Появление металлургического производства и сопровождающие этот процесс перемены в общественной и хозяйственной сферах серьёзно волновали жителей приазовских городов: индустриализация и многие её моменты для людей того времени были настоящим «белым пятном», ждавшим своих исследователей. А ещё надо было зафиксировать для истории черты уходящего купеческого мира, вытесняемого миром промышленной эпохи.

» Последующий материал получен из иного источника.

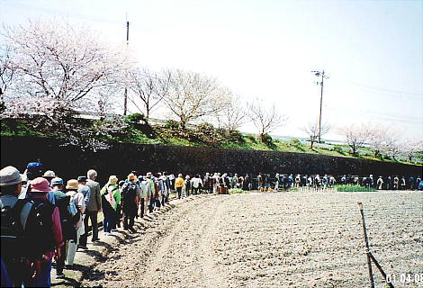 下右は、狭山池および博物館を目指して歩く今日の参加者達。70名ほどいただろうか。私は殆どビリの方にいる。

Корреспонденту через несколько недель исполнится тридцать четыре года. За его плечами – детство на Дону и в военных гарнизонах, где служил его отец – казачий офицер, а также учёба в Петербургском университете. Увлечение революционными идеями окончилось для него несколькими годами ссылки в Архангельскую губернию: вердикт суда оказался весьма мягким, хотя нескольким его товарищам по кружку, как тому же Александру Ульянову, были вынесены смертные приговоры. Первые литературные опыты ссыльного сразу же привлекли к себе внимание критики и были очень тепло встречены ей.
Этим корреспондентом был Александр Серафимович (настоящая фамилия – Попов), и время работы в «Приазовском крае» стали периодом, когда окончательно сформировался его литературный талант. Январь – особый месяц в его жизни: писатель родился и умер в один и тот же день, 19 января, с разницей в восемьдесят шесть лет.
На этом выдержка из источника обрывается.